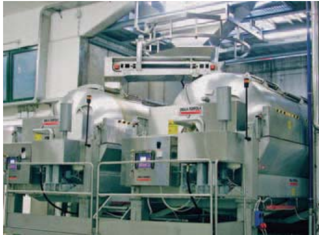
Della Toffola central membrane press technology.

Grape receival bins and layouts can provide fast intake of fruit and destemmer/crushers exist which are capable of processing in excess of 100 tonnes per hour. A bottleneck in current Australian winery process flow can be caused by side
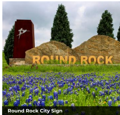
Round Rock City Sign
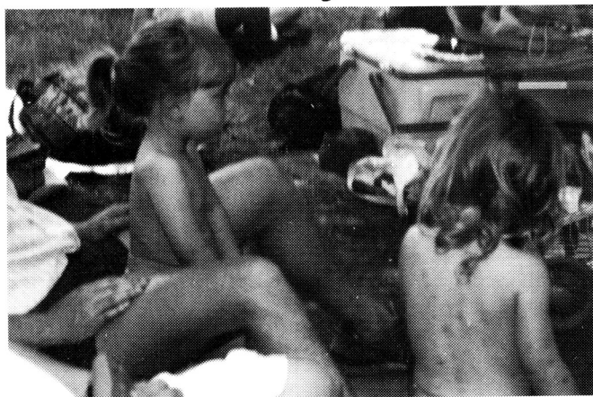
10. Dress COOL -ly! But whatever you do, have a great time!

Photos taken at The Clearwater's Great Hudson River Revival '94. Thanks to the Clearwater staff for their support and assistance.
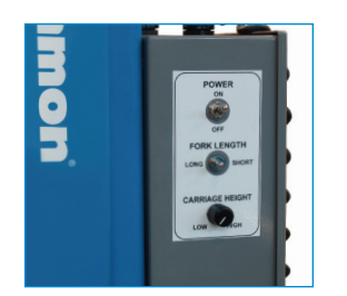
Operator console mounted to back of mast
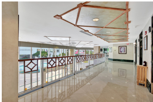
Unit Mezzanine Entrance
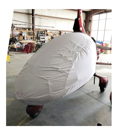
Cavalon Gyrocopter Bubble Cover, test fit cover
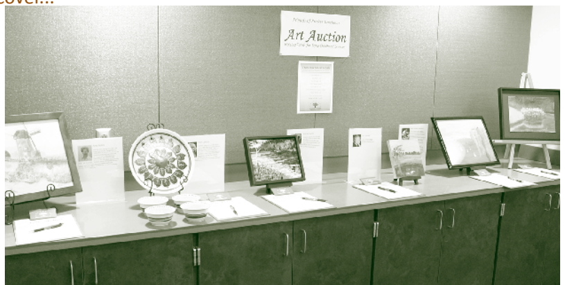
Silent Art Auction at Friends of Racker Luncheon
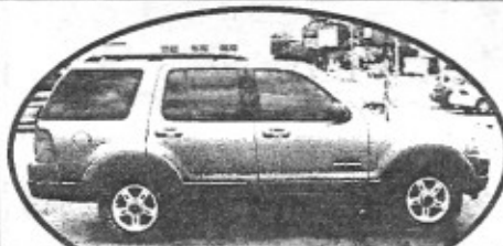
2002 Ford Explorer XLT, tan, 4x4, 3rd row seat, LOADED
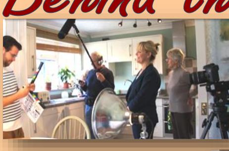
Three Canon DSLRs cameras were the equipment of choice for this club production.

An important part of any film shoot is to keep your cast and crew 'fed and watered'.
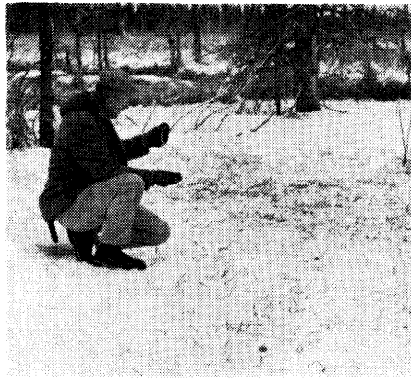
FIGURE 2. Stand of swamp horsetail heavily grazed by horses on a small, frozen, snow-covered pond.

The horses had avoided the open, treeless bog except where trails crossed it. There was virtually no evidence of grazing in the bog areas where vegetation consisted primarily of the low shrub sweet gale ( Myrica
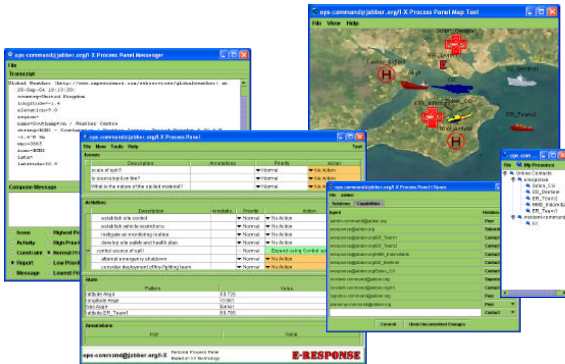
Figure 2. An I-X Process Panel, and its accompanying tools, shown here engaged in coordinating the response to a simulated environmental emergency.

In addition, to fully realise the C 2 aspect of FireGrid, it will be necessary to engineer knowledge-based support layers to, for instance, abstract the raw sensor data into meaningful concepts (e.g., “the central stairwell is on fire”) and interpret simulation results (“the ceiling of the central stairwell will collapse in 10-15 minutes”) so as to provide ‘intelligence’ for decision-making. Another key aspect will be the provision of suitable visualizations of this information, allowing for the most immediate communication of its content.
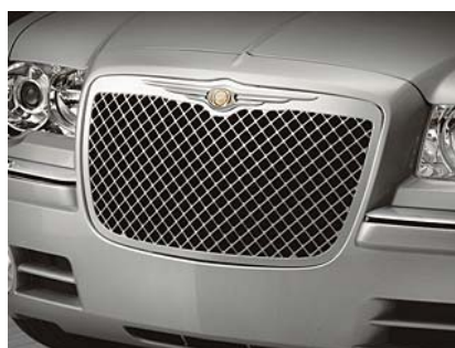
300 Chromed Billet
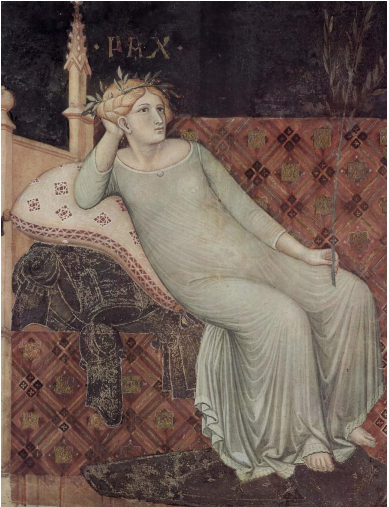
Ambrogio Lorenzetti PAX detail from The Well Governed City fresco in Palazzo Pubblico Siena 1349
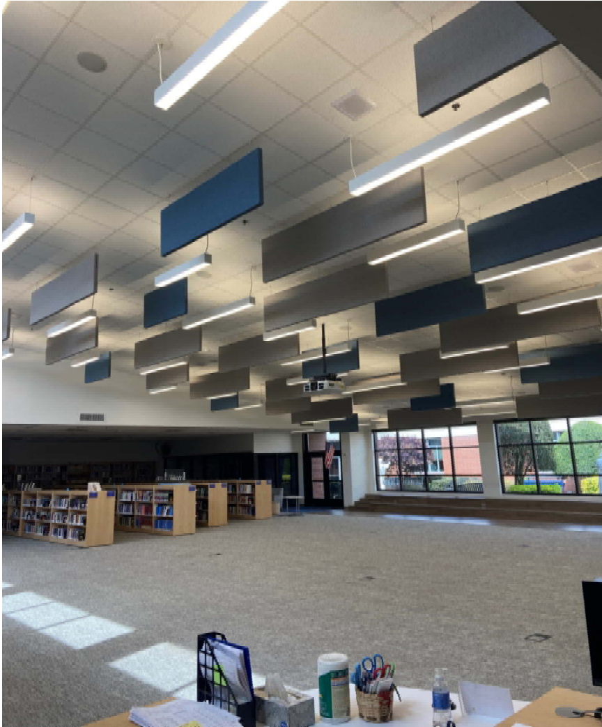
ACOUSTICAL BAFFLES IN THE MEDIA CENTER
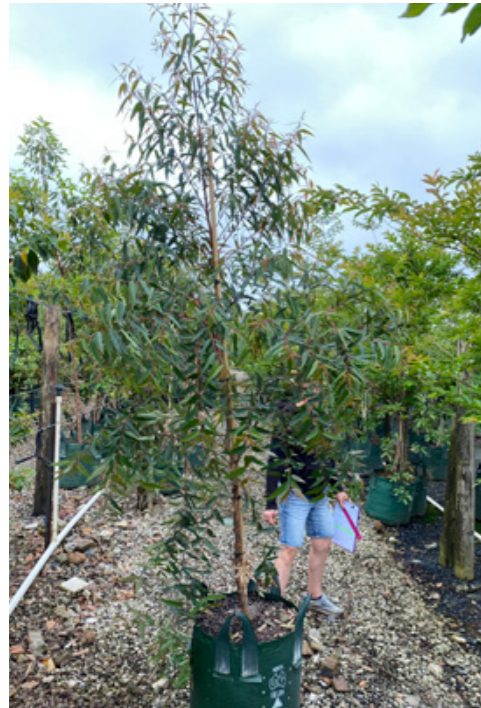
Angophora costata Smooth Barked Apple
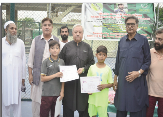
PESHAWAR: On the occasion of Umar Khetab Memorial Tennis Championship, chief guest distributes prizes among players here on Monday.
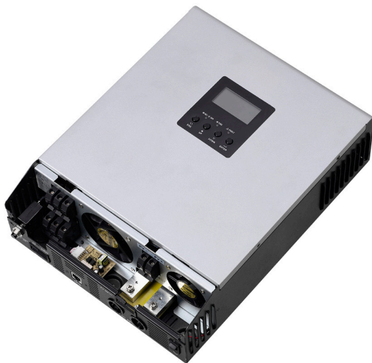
HOMIV Inside Overlook
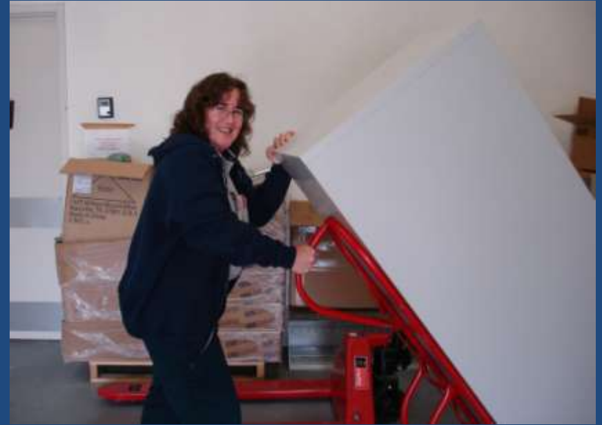
Moving & rehousing staff for better efficiencies
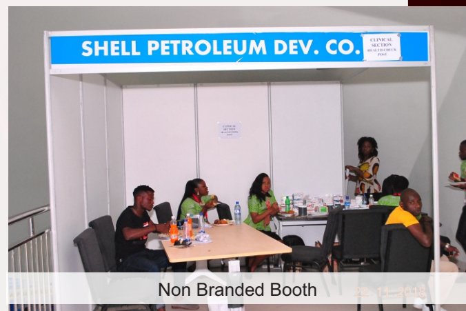
Non Branded Booth
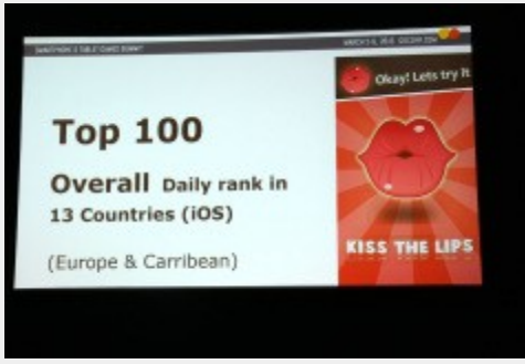
"Kissing Test" has been in the top 100 containing 13 countries
□ □ □
_TASK TO CARRY OUT:_ Return exactly the lines above, from the one with "The horses had" up to and including the one with "Figure 2. An", and include no pictures.

_EXERCISE RESPONSE:_
The horses had avoided the open, treeless bog except where trails crossed it. There was virtually no evidence of grazing in the bog areas where vegetation consisted primarily of the low shrub sweet gale ( Myrica
Figure 2. An I-X Process Panel, and its accompanying tools, shown here engaged in coordinating the response to a simulated environmental emergency.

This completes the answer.